Study of Psilocybin for Anorexia in Young Adults
This is a single site trial of psilocybin therapy for the treatment of refractory Anorexia Nervosa in young adults. The psilocybin therapy will include three preparatory sessions, psilocybin dosing session one (20mg), two integration sessions, psilocybin dosing session two (up to 30mg), and four final integration sessions. Eating disorder symptoms will be measured pre and post treatment. One to two family member(s) of each young adult participant will be enrolled in the study. One of which will be required to attend a portion of two preparatory sessions and a portion of two integration sessions and receive psychoeducation about supporting the young adult participant through preparation and integration for psilocybin therapy. Investigators hypothesize that psilocybin will increase cognitive flexibility and that this increase will predict long-term changes in cognitive rigidity, habitual eating, and exercise behaviors in patients with Anorexia Nervosa.
• Able to understand and provide informed consent.
• Between 18 and 25 years old at time of screening.
• Meets Diagnostic and Statistical Manual (DSM-5) criteria for any type of Anorexia Nervosa
• Currently experiencing symptoms of Anorexia Nervosa
• Persistence of Anorexia Nervosa diagnosis after at least one attempt of eating disorder focused treatment or higher level of care
• Comfortable reading and writing in English
• Have no anticipated changes in medication or surgical procedures for trial duration
• Commit to attend all in-person and remote study visits and participate in all data collection procedures
• Able to identify one or two family members or close friends to co-enroll in the study, who will be required to participate in select therapy sessions. The co-enrolled family member and/or another non-enrolled family member must be willing and able to pick them up and stay with them overnight on dosing days.

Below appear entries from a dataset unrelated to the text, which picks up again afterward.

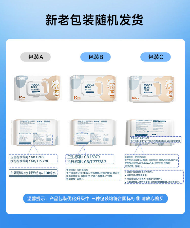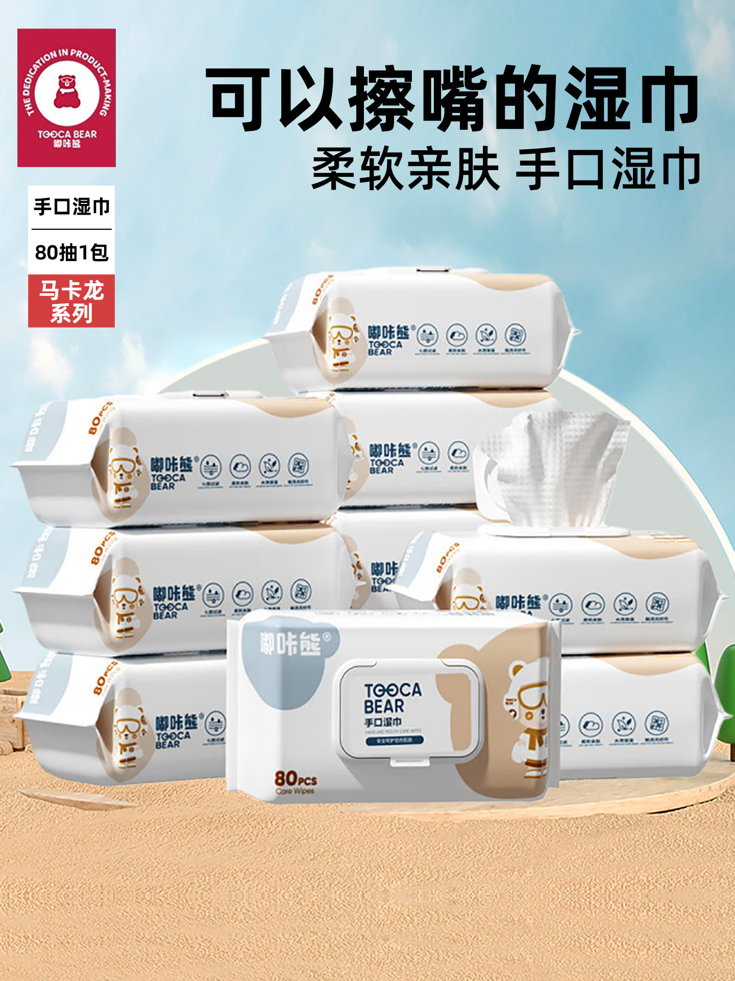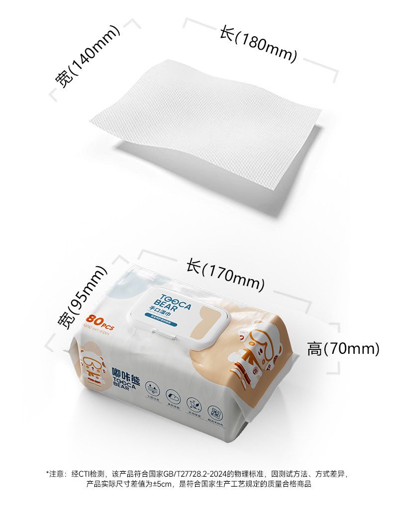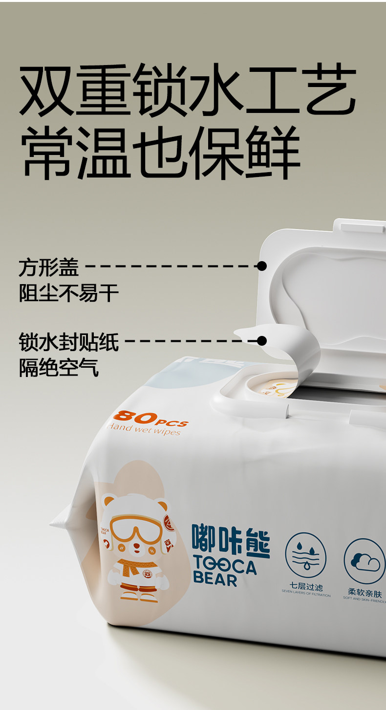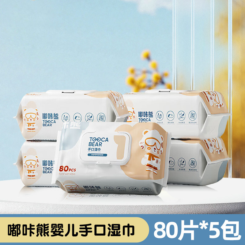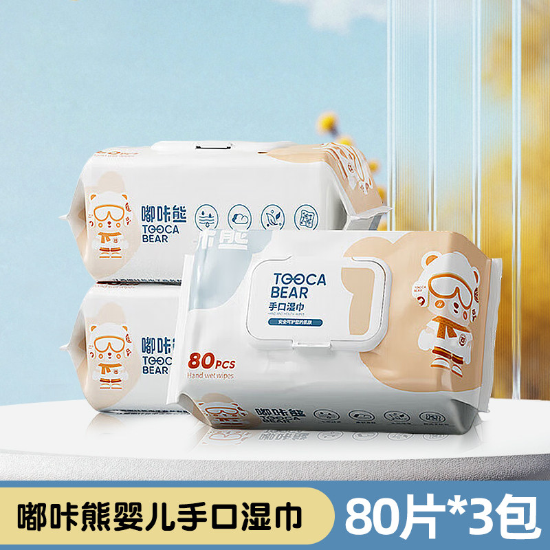 嘟咔熊婴儿湿巾婴幼儿宝宝手口屁专用湿巾纸加大加厚80抽实惠大包
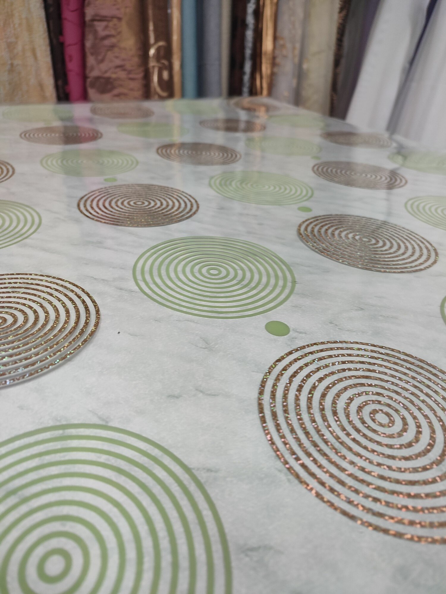 СохранитьСиликоновая скатерть на стол 70х80 гибкое стекло золотистые зеленые круги интересное:
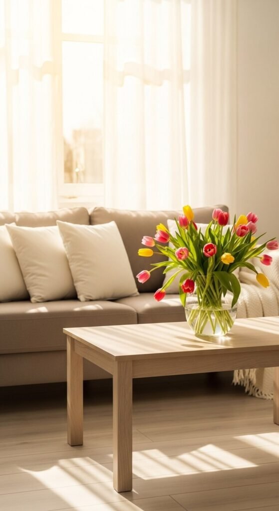 Open your windows (weather permitting!) and let fresh air circulate. You’d be amazed how much this simple act can shift the energy of a room. While you’re at it, wash your curtains, dust those overlooked corners, and vacuum under furniture. A clean canvas makes every spring accent shine brighter.
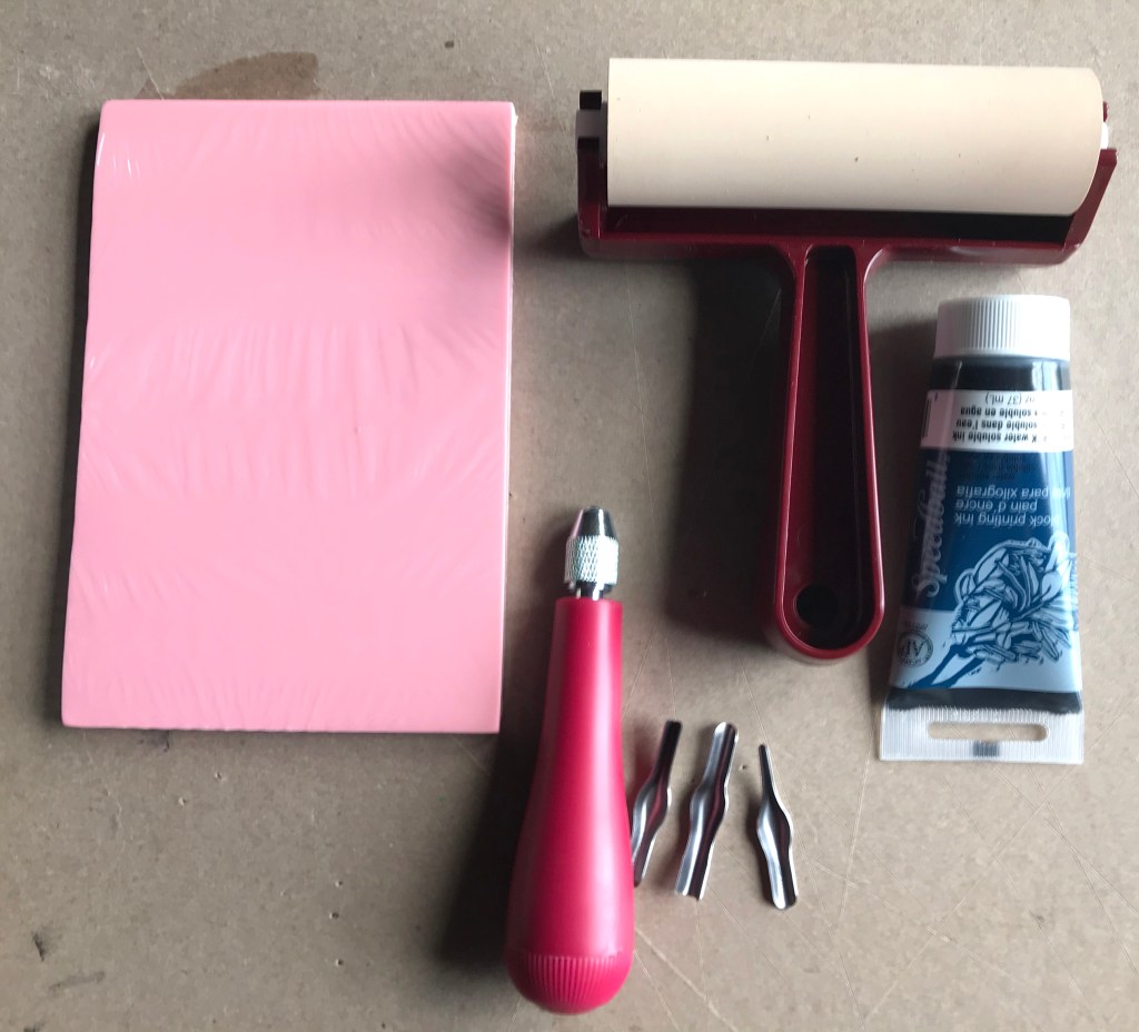 Starting from the top left and moving clockwise: a 6 x 4 inch cutting block, a brayer (roller), water soluble black ink, and a cutting tool with three blades.
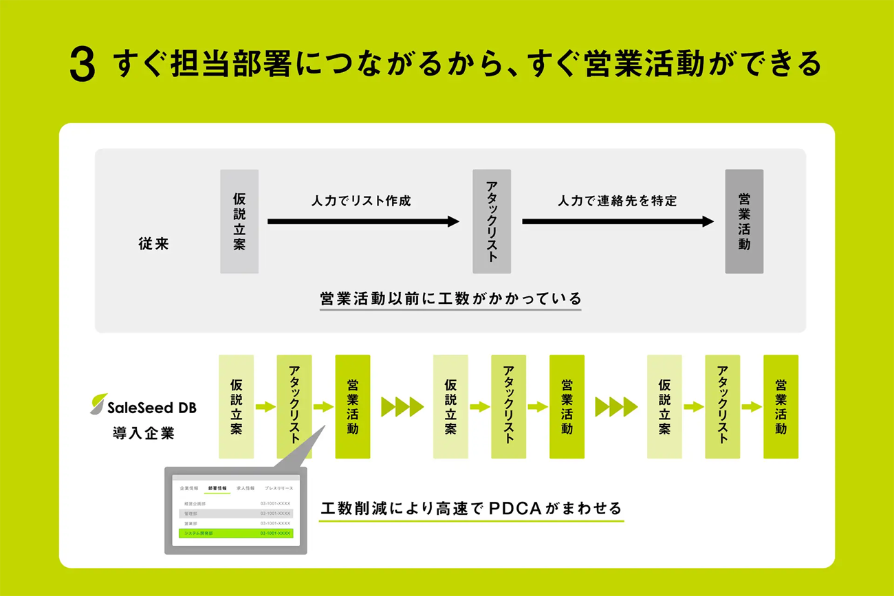 代表電話に架電しても担当者につながりづらいという課題に対し、効率的なアプローチができるようになり、商談獲得率の向上に寄与する。
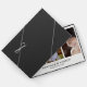 Personalisiertes Elegantes Foto Hochzeitsbuch mit schwarz-weiß und grau Monogramm Initial, Braut und Bräutigam Namen und Hochzeitstag. Es gibt 3 Foto auf der Vorderseite und ein größeres Foto auf der Rückseite.
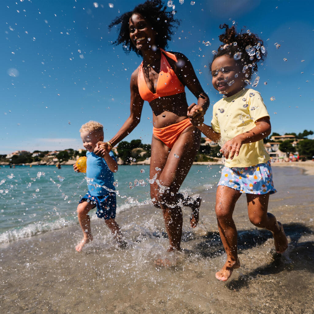 These swimming shorts with their brightly coloured patterns are designed for young kids discovering the pleasures of the water.
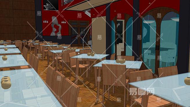 现代风格大型餐厅SU模型下载_sketchup草图大师SKP模型
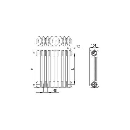 Typ grzejnika: z potrójnym rzędem rurek (trzykolumnowy).
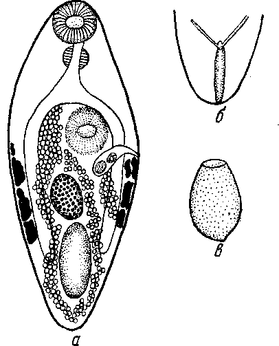 a — общий вид; б — задний конец тела с экскреторным пузырем; в — яйцо

• Agree to use a highly effective form of contraception for two weeks prior to starting the study and one month after finishing the study.
• Agree that for one week preceding each psilocybin session, they will refrain from taking any nonprescription medication, nutritional supplement, or herbal supplement except when approved by the research team. Exceptions will be evaluated by the research team and will include acetaminophen, non-steroidal anti-inflammatory drugs, and common doses of vitamins and minerals.
• Agree to consume approximately the same amount of caffeine-containing beverages (e.g., coffee, tea) that they usually consume before arriving at the research unit on the mornings of psilocybin administration sessions. If the young adult participant does not routinely consume caffeinated beverages, they must agree not to do so prior to psilocybin administration sessions.